Title: JavaScript developer looking to work remotely
Post by: didntlogin on October 10, 2014, 02:06:27 PM
I am a 21 year old college student looking to earn some extra pocket money.

I am familiar with HTML5, CSS3 and JavaScript. I consider myself an intermediate JavaScript programmer - I am comfortable with functional JavaScript and closures.
In the past, I have made an HTML5 game using the Phaser framework (Line Runner: http://arunmahadevan.com/linerunner/ (http://arunmahadevan.com/linerunner/) ), and a chat bot (Chat with Amy: http://chatwithamy.github.io/ (http://chatwithamy.github.io/) ).
I have interned at a pretty well known startup in my country (I shall PM its name if you're interested), where I worked on their custom URL shortener, and contributed highly scalable code to it. I have worked with GulpJS, Grunt and Yeoman to automate several tasks. I am comfortable with MongoDB and Redis, having used both at my internship.
I wrote the URL shortener I mentioned above using NodeJS and Express. Apart from that, I have also used Socket.IO, and am familiar with concurrent programming using Node.
Other miscellaneous stuff I've worked with include: WordPress, Jekyll (the CMS), Bootstrap, Foundation.
I can also help you speed up your site on the frontend: Minifying JavaScripts and stylesheets, loading them asynchronously if needed, optimizing your images, making image sprites, etc.
Here's a link to my GitHub: https://github.com/arungm29 (https://github.com/arungm29).
I hope I can be of help!


Title: Re: JavaScript developer looking to work remotely
Post by: 🏰 TradeFortress 🏰 on October 10, 2014, 02:26:50 PM
Any examples of your coding practices for larger projects that require project modularization?

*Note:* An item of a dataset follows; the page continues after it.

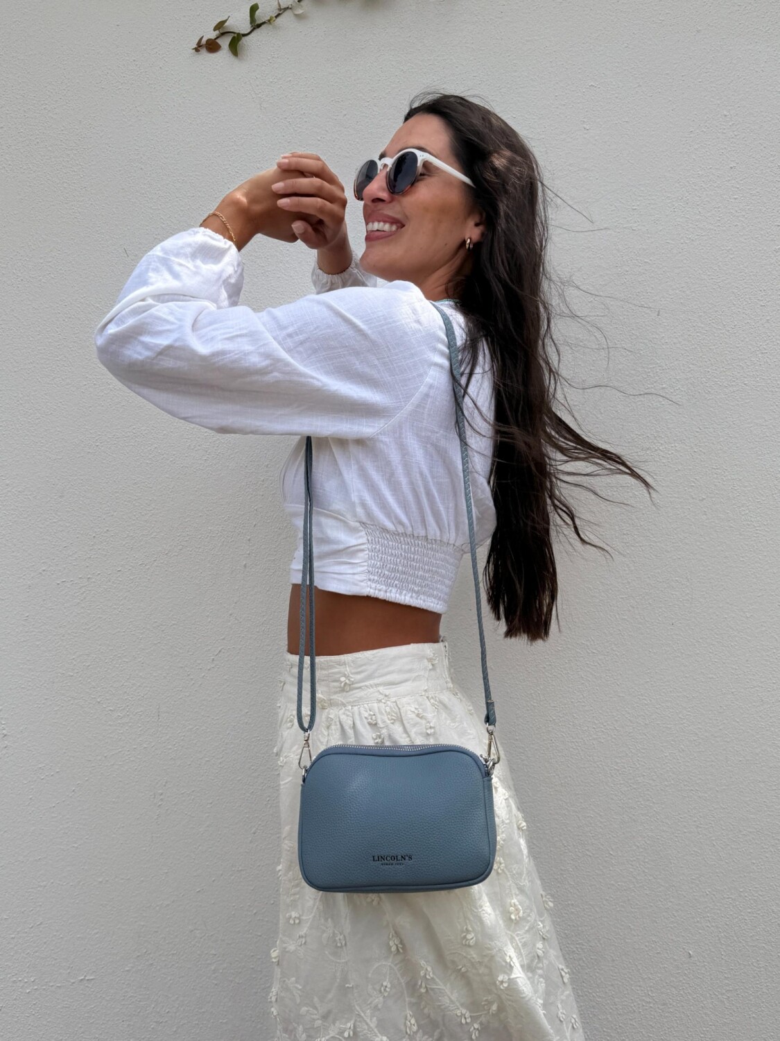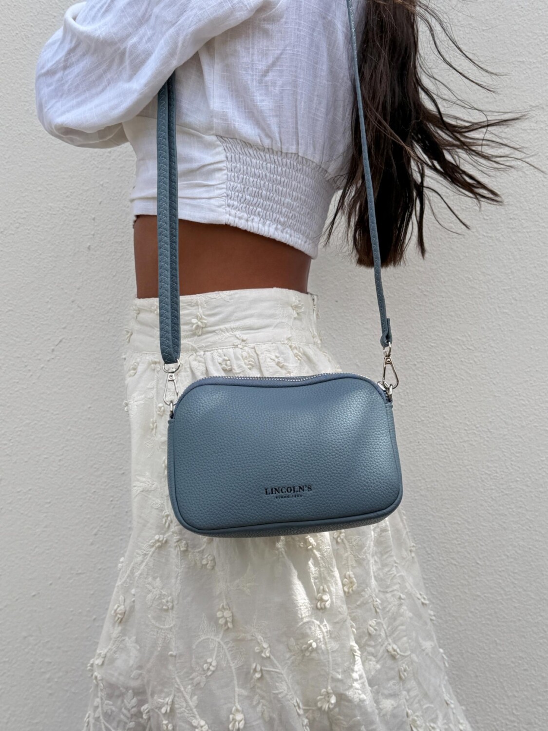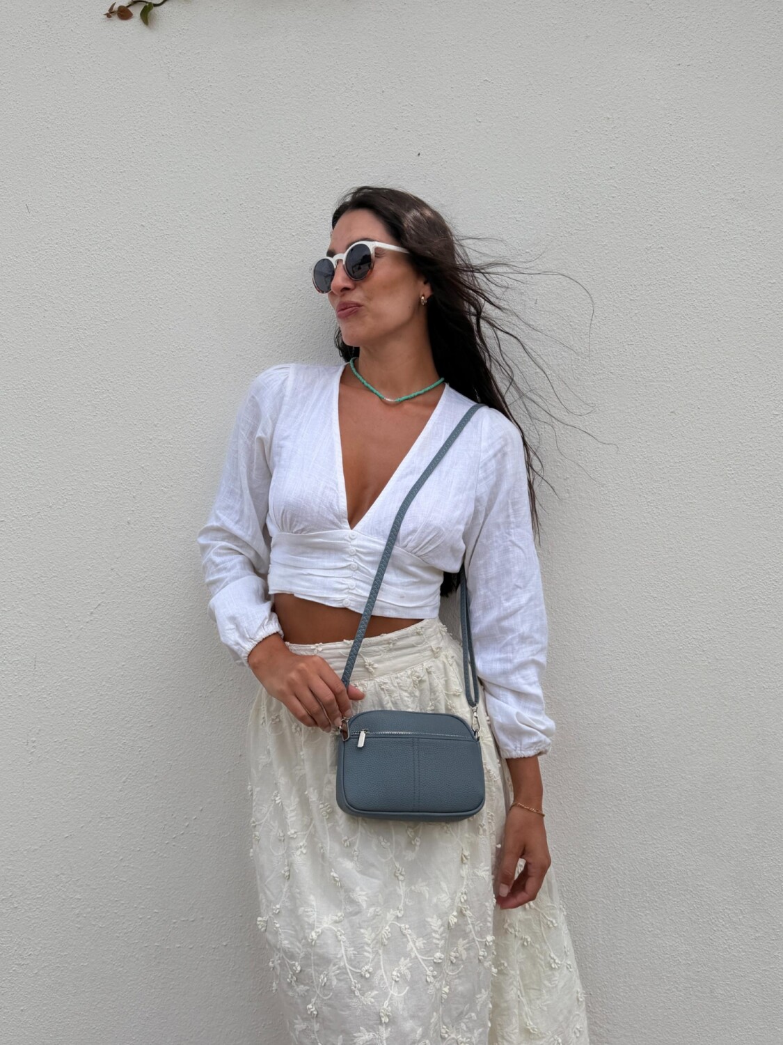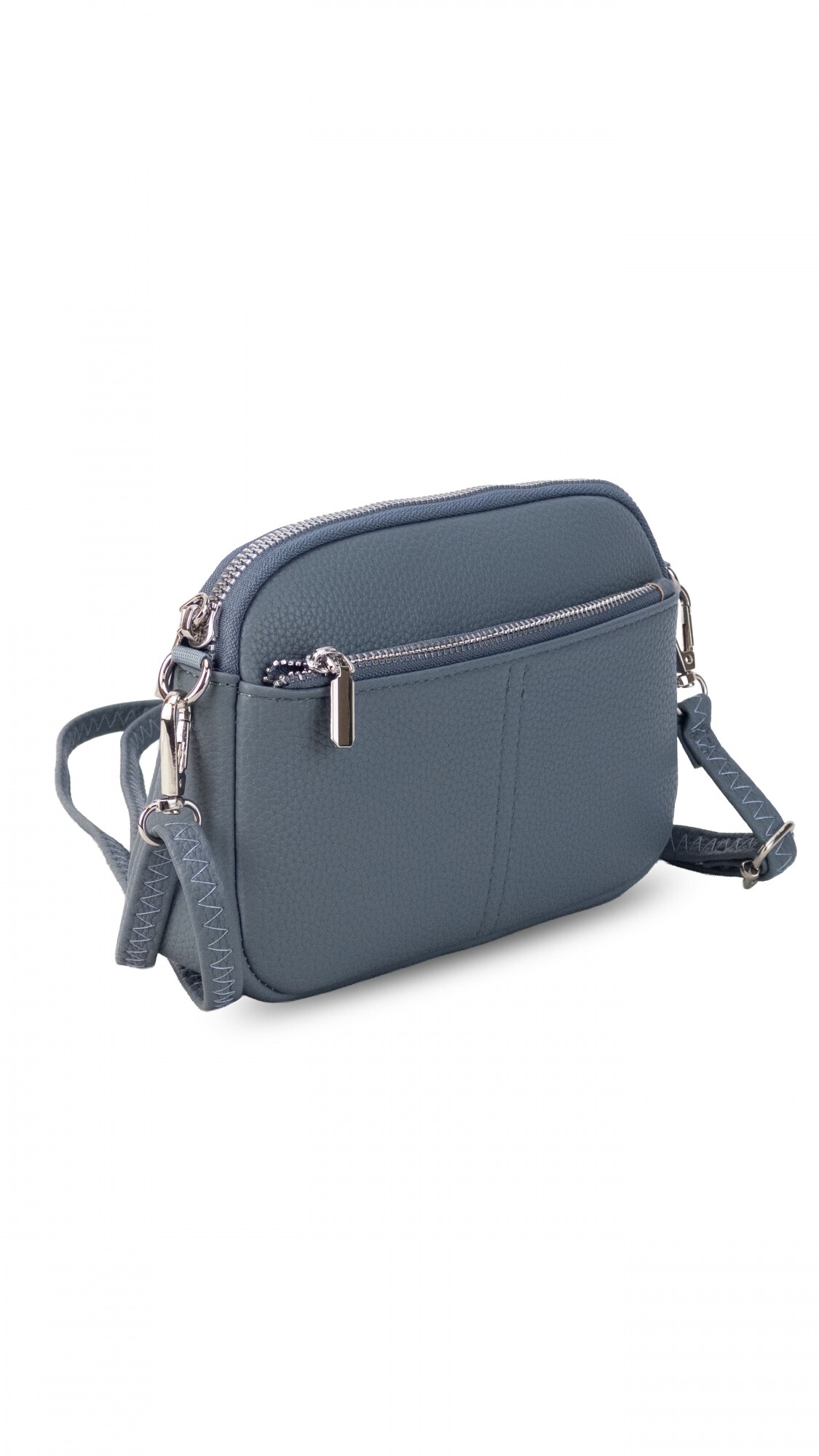 Bandolera pequeña y compacta en símil cuero, con correa fina ajustable del mismo material. Cuenta con bolsillo interno del mismo forro en seda y dos compartimientos con cierre.

Samples of your nodejs code, specially how you counter the 'pyramid of doom'? Do you use Promises?


Title: Re: JavaScript developer looking to work remotely
Post by: didntlogin on October 10, 2014, 02:38:24 PM
Yes, indeed, I did use the bluebird library at my internship. By the pyramid of doom, are you referring to nested callbacks? I'd either make a named function instead of an anonymous function, or just modularize properly. Unfortunately, the codebase I worked on already used promises, so I never wrote that code from scratch, but I'm aware of how it works. I don't have the code though; they had a private repository on GitHub that I no longer have access to.